The US press is continuing to act as a public relations organziation for the Ba'ath by reporting almost exclusively on anti-US reactions, avoiding reporting on pro-US reactions and using as sources primarily those who were favored under the Ba'ath.
Indeed it's striking that while many of the troops I've accompanied find themselves feeling some sympathy for the inhabitants of "Typhoid Alley" and other destitute neighborhoods and their attempts to obtain fans, furniture, TVs, etc., the press corps often seems solidly on the side of those who grew fat under the Saddam regime.
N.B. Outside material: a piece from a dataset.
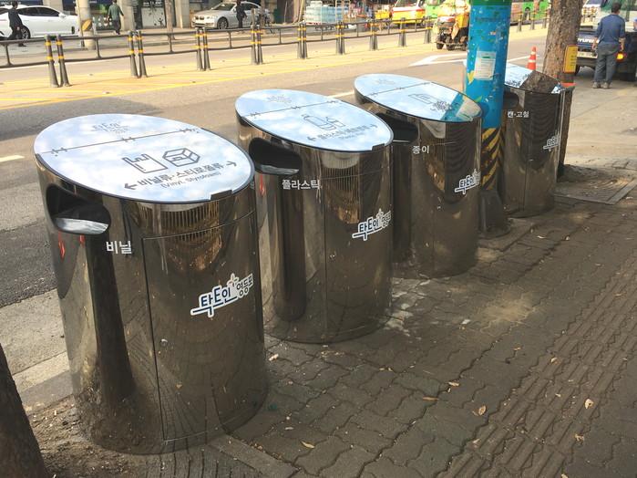 또한 기존의 분리수거함의 직사각형 플라스틱에서 벗어나 오염에 강하고 세척이 용이한 반짝이는 스테인리스 재질을 이용해 원통 형태로 자체 제작했다.

[…]David Zucchino of the Los Angeles Times, who like me is embedded with the 4th Battalion of the 64th Armored Regiment, 3rd Infantry Division, recently accompanied my Scout platoon on a patrol. […] I was talking to Dr. Ali Faraj al Salih, a cardiologist trained at Edinburgh, when Zucchino, a fine, experienced foreign correspondent, walked over and began listening in. I asked Dr. Ali if he'd had any trouble with looters. "No" he replied, "I have guns, with license from the government. And I have two bodyguards." "Have you always had the bodyguards?" I asked him. "Oh yes," he said.

But Zucchino's April 22 article in the L.A. Times--headlined "In Postwar 'Dodge City,' Soldiers Now Deputies"--reports "Dr. Ali Faraj, a cardiologist, stood before his well-appointed home and mentioned that he has hired two armed guards," as if the doctor had been driven to this expense by unrest following the arrival of the Americans.